Yeah, I only live like thirty minutes from there so if I go I’ll ride with Axell and those dudes. I’ll bring a camera every once in a while. Brian McCarty has been staying at our house for a little bit, and he decided to go out there so I went with him. Axell’s always there, so I just filmed those dudes.

I was going to ask if you ever get a chance to ride out there, but combing through your Instagram recently I saw that video of you coming up short off the freestyle ramp.

Yeah… that one got pretty popular. [laughs] On a 250 I could hit that ramp pretty good. I mean I’m not like a ramp guy, but on the 250 I was alright because you hit it third gear pretty wide open. But that day I wasn’t really gonna hit it because I was getting used to the 450, I had just gotten my Suzuki. So I was sitting there with John Sanders, Twitch, Axell, Nate [Adams], and Bilko. I was just going around the track, but I always park inside the freestyle area just to hang out with those dudes, and [John] comes up and goes, “Hey, are you gonna hit the ramp today!?”

I was like, “…you dick,” because he says it right in front of everyone, so I’m thinking, “now I’m going to…”

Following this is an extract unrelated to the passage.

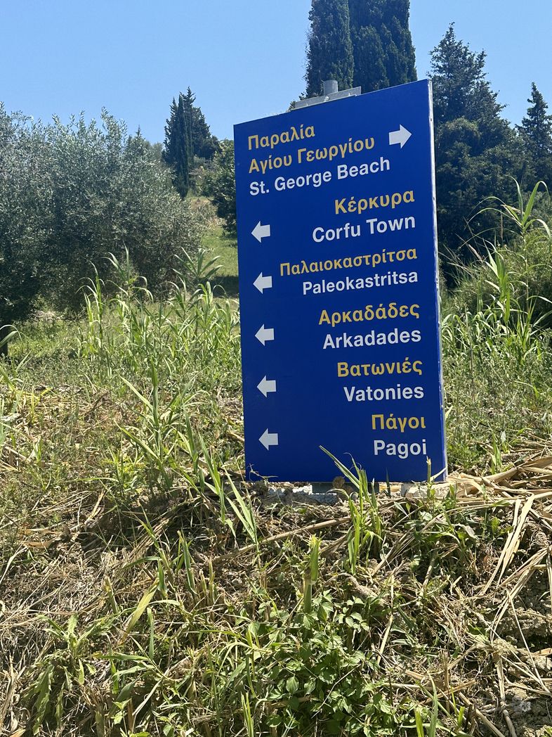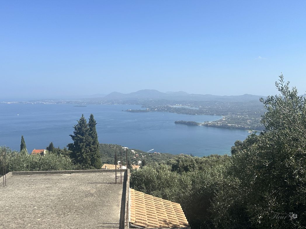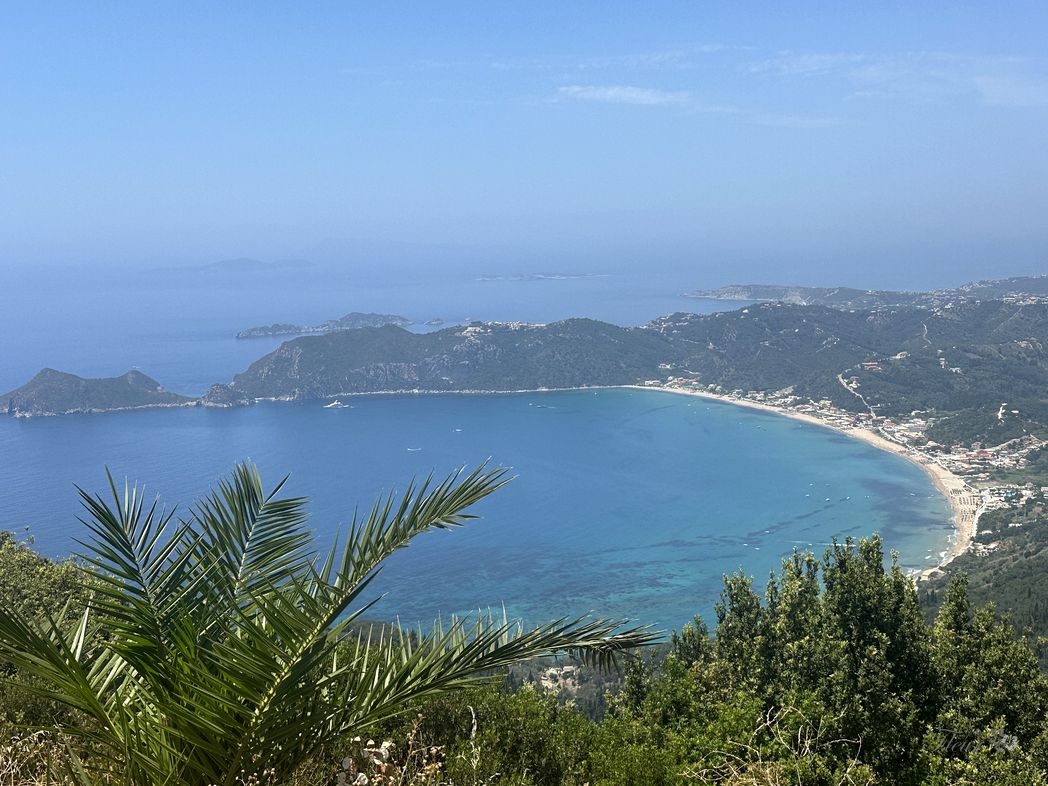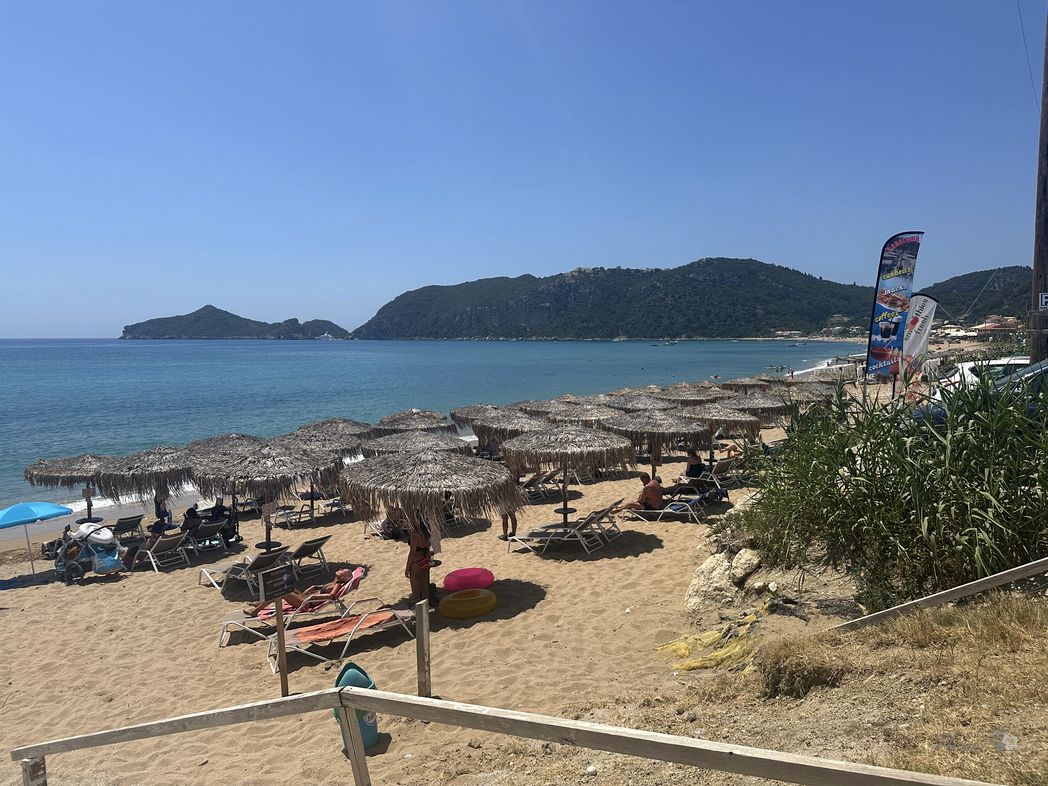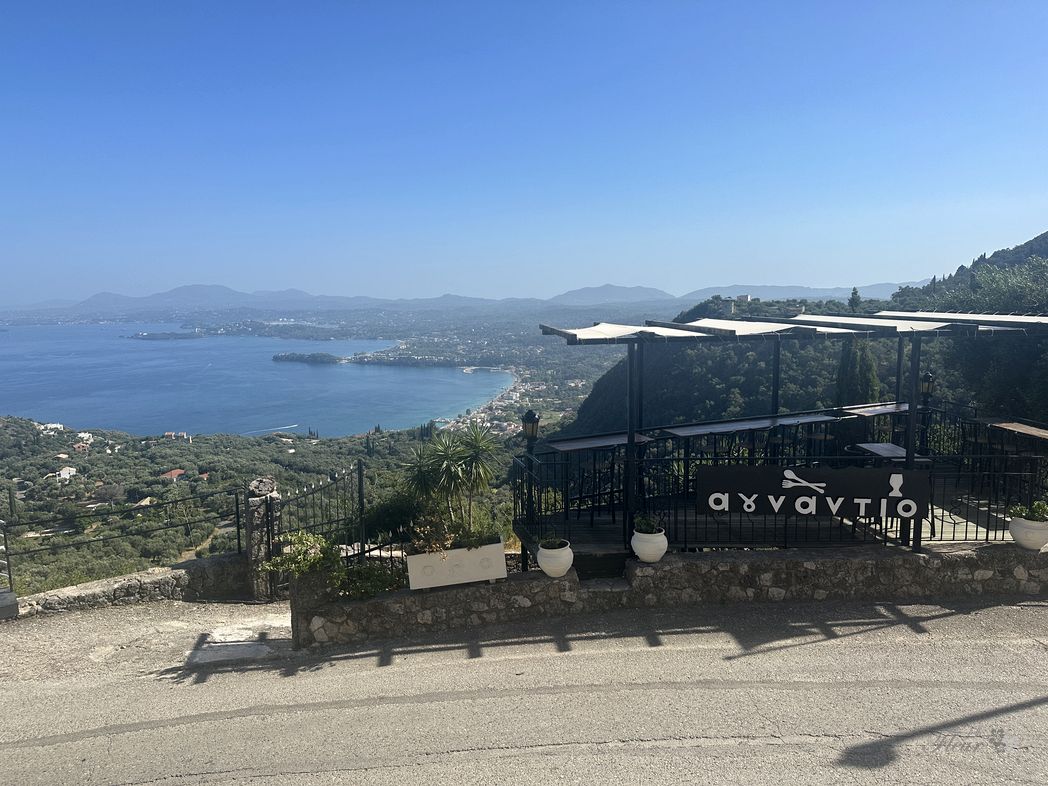 Over the ridge and circling down the winding road towards the beaches. A stop for a snach at a exposed restaurant (ΕΣΤΙΑΤΟΡΙΟ ΑΓΝΑΝΤΙΟ), providing a nice view to the far away marina and Corfu city.

So I hit it clean twice, but it was the third time that I just cased the shit out of it. On the 450 the timing is a little different with the throttle and I went a little deep.

Well I’m glad you rode out of it. I’ve got a handful of questions here I’d like to jump into right now though. I want to start with your origins. You’re from Annapolis, Maryland?

I was born there but I didn’t really grow up there, I grew up in Charlotte, North Carolina. Right by JGR, pretty much. But yeah, from Annapolis. I’d rather say I’m from Maryland than North Carolina.

[laughs] Why’s that?

I don’t know man, it’s North Carolina. I was actually born right by Travis [Pastrana’s] house, my Dad and Travis used to ride together at Budds Creek. They weren’t really friends, but Travis was the local kid on the 60 killing it. So it was funny, I was born there and then this year I was back there again. I ended up working there, right where I was from.

Coming full circle.

[laughs] I guess.

Did you ride a lot as a kid?

I stopped riding when I was on 80’s, but yeah, I was pretty serious on 50’s and 65’s. I was really good locally, I won everything locally. I never really did big races but we grew up with Cooper Webb, Jordon Smith, they were always at local races. We kind of knew I stacked up pretty well on a national level. I don’t think I would’ve won a championship, but I would’ve been a top three dude I think, on 65’s and 50’s. I just got burnt out, I was over it. Around this time Ernesto [Fonseca] got hurt, we were kind of friends with him and after he became paralyzed my parents were thinking I should stop riding as well, but really I was burnt out. We had a track at my house that I’d ride on everyday, so yeah.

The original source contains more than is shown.